Hallo liebe Freunde der Alten Musik,
vermutlich dürfte jedem, der sich für Alte Musik interessiert, der Name dieses Labels ein Begriff sein. Gönnen wir uns dennoch einen kurzen Blick auf seine Geschichte und Entwicklung:
Archiv Produktion - Pionier der Alten Musik
Mag die Deutsche Grammophon auch die erste große Schallplattengesellschaft gewesen sein, die eine eigene Abteilung für Alte Musik gründete, so sollte der Vollständigkeit halber, das Projekt "L'Anthologie Sonore" des Musikwissenschaftlers Curt Sachs erwähnt werden, eine Reihe historischer Aufnahmen, aus den dreissiger Jahren des 20. Jahrhunderts, die sich allerdings ausschließlich an Spezialisten richteten. Die Veröffentlichungen der Archiv Produktion hingegen fanden bald bei einer breiten Öffentlichkeit Anklang und veranlaßten andere Schallplattengesellschaften zu ähnlichen Projekten.
Das zugrundeliegende Konzept geht auf eine Idee Hans Domizlaffs zurück, der heute international als Vater des modernen Marketings anerkannt ist, und sich für das Prinzip der Marktsegmentierung einsetzte.

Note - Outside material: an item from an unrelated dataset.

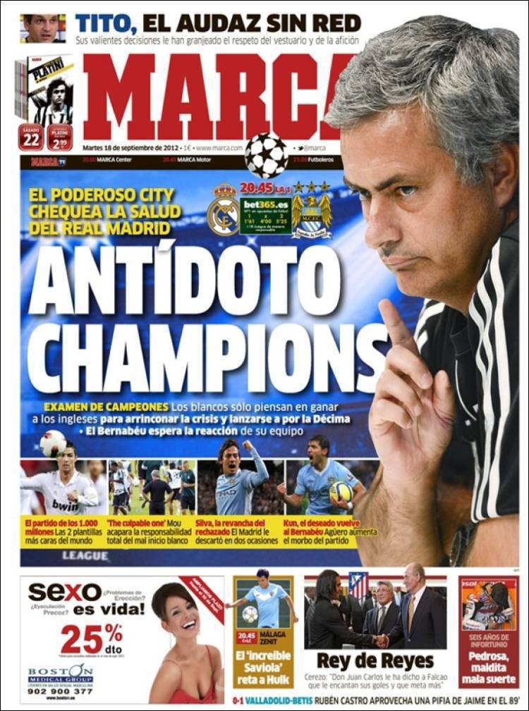 RASSEGNA STAMPA REAL MADRID CHAMPIONS – Questa sera, in Champions, debutta il Real Madrid. Dopo la sconfitta in campionato, la squadra di Mourinho è chiamata ad una prova d’orgoglio contro lo squadrone inglese del Manchester City. Serve una vittoria per cacciare via paure e fantasmi.

Wie auf den Seiten des Hans Domizlaff Archives nachzulesen, "schlug Hans Domizlaff als Berater von Ernst von Siemens die Einrichtung eines musikhistorischen Studios der Deutschen Grammophongesellschaft vor." Gemeinsam mit Fred Hamel, der als erster Leiter dieses Studios wirkte, wurde ein Programm entwickelt, bestehend aus 12 Forschungsbereichen, von der Gregorianik bis hin zum 18. Jahrhundert:
I. Gregorianik
II. Das zentrale Mittelalter
III. Frührenaissance
IV. Hochrenaissance
V. Das italienische Seicento
VI. Deutsche Barockmusik
VII. Westeuropa zwischen Barock und Rokoko
VIII. Das italienische Settecento
IX. Das Schaffen Johann Sebastian Bachs
X. Werke von Georg Friedrich Händel
XI. Die deutsche Vorklassik
XII. Zwischen Mannheim und Wien
ZitatDas Konzept sah vor, daß bei der Interpretation nicht die Namen bedeutender Komponisten oder Interpreten im Vordergrund stehen würden, sondern die Ernsthaftigkeit eines Archives, bei dem künstlerisch und stilistisch höchste Ansprüche erfüllt werden sollten und eine hohe technische Qualität bei der Aufzeichnung Voraussetzung war. Bei der Einspielung der Titel kamen später nicht nur historische oder zumindest originalgetreu rekonstruierte Instrumente zum Einsatz, um dem Klangbild vergangener Epochen möglichst nahe zu kommen. Zusätzlich wurde den Aufnahmen möglichst auch die Originalpartitur zugrunde gelegt.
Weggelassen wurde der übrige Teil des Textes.